Similarly, in a Louisiana redistricting case, Hays v. Louisiana (1993), a federal court held that DOJ’s application of Section 5 was “unapproved by Congress and unsanctioned by the courts.”  In fact, DOJ “arrogated the power to use Section 5 preclearance as a sword to implement forcibly its own redistricting policies.”  DOJ paid more than $1.1 million to settle claims for attorney’s fees arising out of that case.  The 2006 change in the legal standard makes this even more likely to occur.  As Prof. Nathaniel Persily has said, “There is a risk that the purpose inquiry will turn into another opportunity for partisan infection of the preclearance process.”

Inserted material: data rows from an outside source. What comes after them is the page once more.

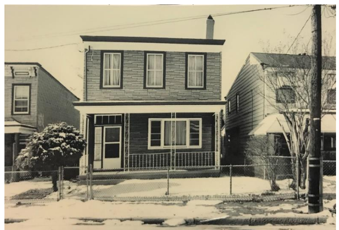
Figure 8. 706 North 21st Street, 1993.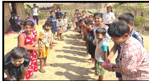
Playing in IDP Camp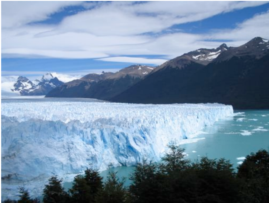
Image of Patagonia (10)

Spanish colonizers arrived in present-day Argentina in the early 1500s. In 1816, the Provinces of the Rio Plata declared their independence from Spain. Argentina (from the Latin, Argentum ) was the land mass that remained after Bolivia, Paraguay and Uruguay decided to pursue their own independence. The newly-formed country experienced their prime immigration period from 1860 to 1930 and was predominantly from two countries: Italy and Spain.

In the two Section 5 cases in which cert. petitions have been filed, Shelby County argues that Section 5 is unconstitutional because it improperly differentiates between the states, uses a coverage formula based on forty-year-old or older data that no longer reflects today’s conditions, and forces states to rely excessively on racial considerations in designing their election policies.  In the Nix case, voters and independent candidates in Kinston, North Carolina, a majority-black town, argue that DOJ’s refusal to preclear a change to nonpartisan city elections approved by a majority of voters in a referendum demonstrates the unconstitutionality of Section 5.  They claim it shows the manipulation by DOJ of Section 5 for partisan reasons since DOJ’s refusal was based on the rather paternalistic theory that minority candidates would receive fewer votes if they could not identify themselves as Democrats.  It was irrelevant to DOJ that a majority of black voters had approved this change.

The Supreme Court should take these two cases along with the Texas voter ID case.  Having avoided dealing with an important issue that affects our election process in 2009, it should not duck its responsibility again.  The Court has an obligation to determine whether an extraordinary intrusion into state sovereignty – a supposedly temporary provision passed in 1965 – is still constitutional today.  If the Court does take these cases, then as Justice Thomas concluded in the NAMUDNO decision, the burden will be on the government to prove “that the extreme circumstances warranting § 5’s enactment persist today.  A record of scattered infringement of the right to vote is not a constitutionally acceptable substitute.”

Hans von Spakovsky

First appeared on SCOTUSblog.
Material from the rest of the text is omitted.